What separates them is retrieval rank. At all times-cited pages rank close to the prime once they floor. By no means-cited pages rank in the backside half. The retrieval system, no matter alerts it makes use of internally, is the gatekeeper. All the things else is a tiebreaker.
6. What This Means For Your Content material
Standard web optimization content material writing knowledge says cowl extra subtopics, add extra sections, construct density. The information says the standard strategy produces “combined” pages, the 17% in the center that get cited generally and ignored different occasions.
Combined pages have the highest phrase counts, the most headings, and the highest area authority in the dataset. They are the “final guides.” They are additionally the least dependable performers in ChatGPT.

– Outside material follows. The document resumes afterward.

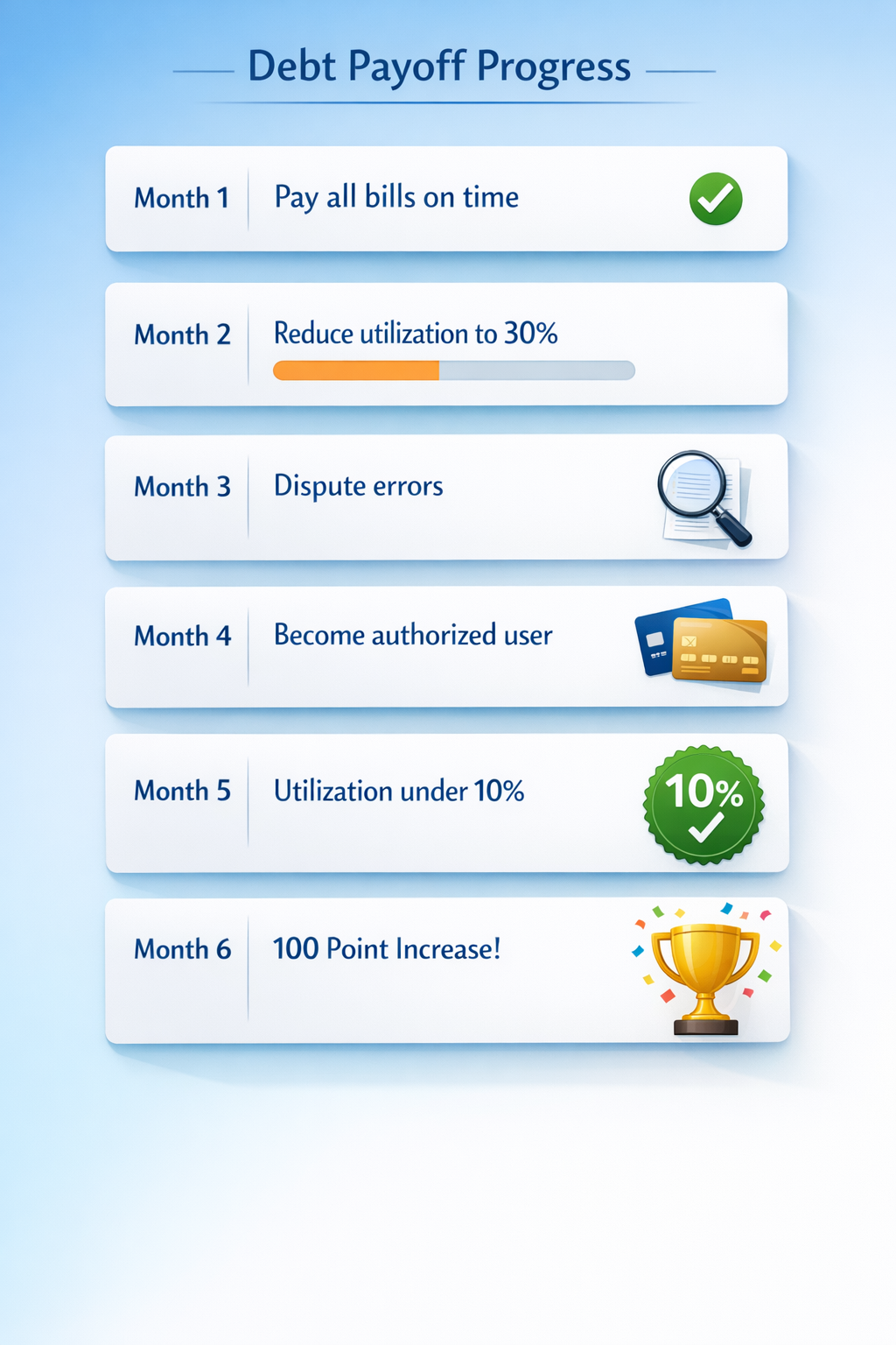 Most people can raise their credit score 100 points in 4-6 months by combining perfect payment history, reducing credit utilization below 30%, disputing errors, and adding positive payment data through authorized user status or Experian Boost. Those starting with very high utilization or recent errors may see faster results, while those with limited credit history may need closer to 6-9 months.

The pages that win persistently are centered. They:
- Match the question instantly of their headings,
- Have a tendency to be shorter (the quotation candy spot is 500-2,000 phrases), and
- Have sufficient construction (7-20 subheadings) to arrange the content material with out diluting it.
Construct the web page that is the greatest reply to one query. Not the web page that adequately solutions 20.
Featured Picture: Tero Vesalainen/Shutterstock; Paulo Bobita/Search Engine Journal
Disclaimer: This article is sourced from external platforms. OverBeta has not independently verified the information. Readers are advised to verify details before relying on them.